11 Adaptive Features of Land Reptiles

The amphibians have never achieved emancipation from the water even though the major part of the adult life is spent on land. They still require the aquatic environment for external fertilization, for development, and for respiration. The reptiles, however, achieved stupendous success on land and attained heights of magnificence only surpassed by the mammals. Their success as terrestrial animal is attributable to a number of factors which are briefly summarized here.

1. Internal fertilization obviates the need for external water.

2. Cleidoic development renders the embryo independent of aquatic surroundings.

3. With no aquatic larval stage there is never need for gill breathing.

4. The skin is impermeable to water.

5. The lungs form an adequate respiratory surface and are well protected from drying. Breathing movements ensure that exchange of gases in rapid enough.

6. Uricotelic excretion minimize water loss.

7. There is effective resorption of water in the kidneys and rectum.

8. Limbs suitable for running and supporting the body in the less dense medium have been evolved.

9. Loss of the lateral line system and improvement of more necessary sense organs has been achieved.

10. Increased development of the cerebral cortex makes more complex behaviour possible.

11. Large –scale colonization of the land by plants provided constant food for herbivores, and they, in their turn, provided food for carnivores.       

Adaptive Radiation

Entering upon the terrestrial scene, the reptiles had little competition from other animals. In such conditions, a dominant group soon extends into a variety of specializations. By such extension, the descendants of one original type are able to exploit all the possibilities of the environment. The process is known as adaptive radiation, and while example of it may be found in any of the larger group of animals, it is most obvious in insects, reptiles, birds and mammals.

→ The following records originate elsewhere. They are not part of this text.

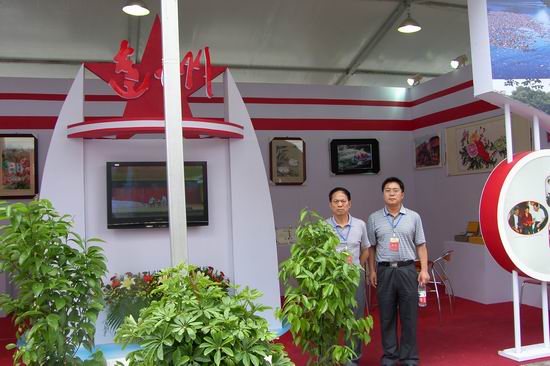圖三:達(dá)州市人民政府市長助理張照新(右)、達(dá)州市殘聯(lián)黨組書記、理事長廖小云(左)在達(dá)州館展區(qū)參觀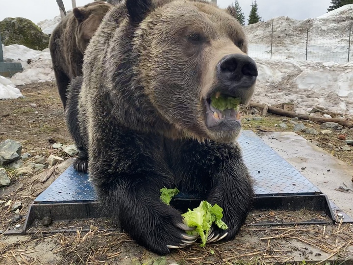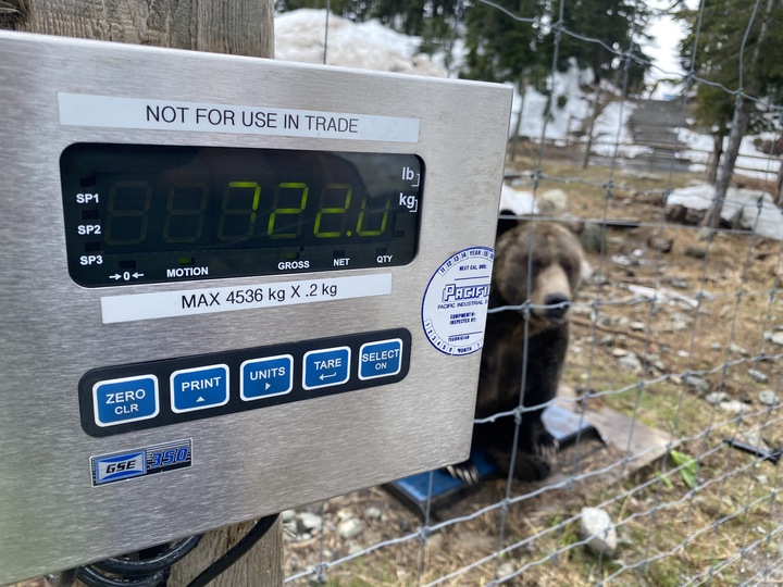 On the day they emerged both bears were too excited to sit still on our weigh scale but since then we have started their daily routine of sitting for wildlife staff to record their weight. Grinder went into hibernation in November at 921 pounds and Coola weighed 1056 pounds and shortly after emerging their weights were recorded as 727 pounds for Grinder and 850 pounds for Coola! This represents about a 200 pound drop, or about 20% of their body weight, for both bears over the nearly five months that they were in hibernation. This is about the average we see each year.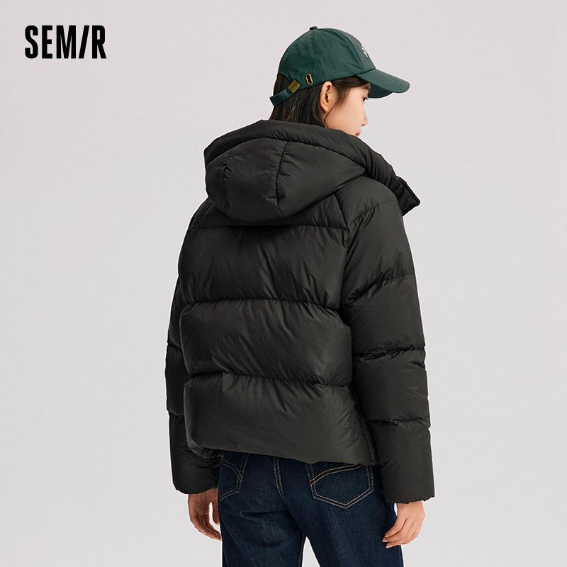Semir Down Jacket Women Solid Color Loose Versatile 2024 Winter New Three-Proof Hooded Puffer Coat Down Jacket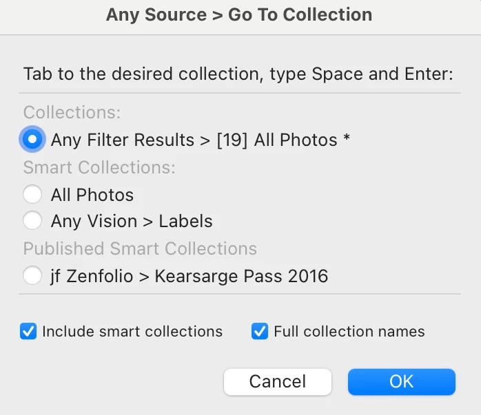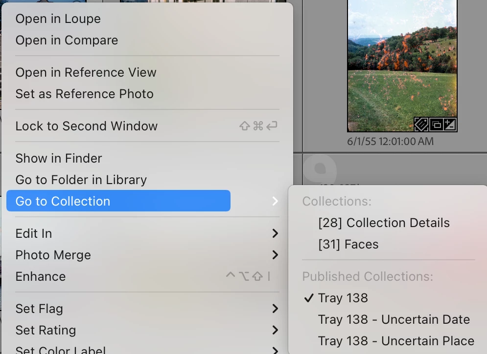 the publish service collections do not show up in the right click menu "go to collection". I'm finding it baffling that there is distinction between normal collections and the ones inside publish services. They are all collections, with the same rules etc.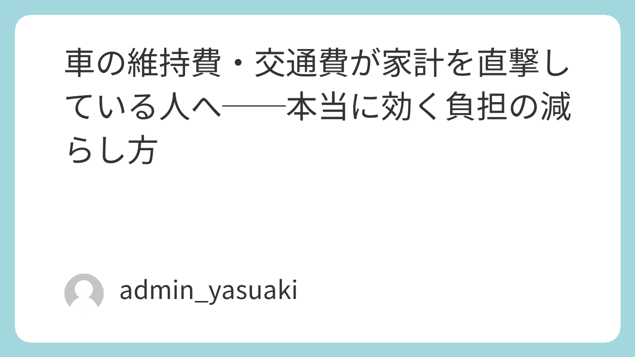 車の維持費・交通費が家計を直撃している人へ──本当に効く負担の減らし方

In their Mesozoic heyday, the reptiles branched out into a great variety of forms. They ranged from giants to dwarfs; some of the dinosaurs were the largest terrestrial animals that have existed; Brachiosaurus weighed about 50 tonne, and Dipplodocus was about 26m long. At the other end of the scale were animals the size of small lizards. There were large carnivores and larger herbivores, swift runners and slow crawlers, burrowers and climbers. The Ichthyopterygia, of fish-like form, became secondarily aquatic and inhabited the seas; the turtles and freshwater tortoises have become aquatic, without such striking adaptation. Flying reptiles, the Pterodactyla, flourished during the Jurassic and Cretaceous periods. The wings were membranous and stretched from very elongated fourth finger to the hind limb. This brief survey by no means exhausts the variety of lines along which the reptiles evolved, but it serves to illustrate the meaning of adaptive radiation.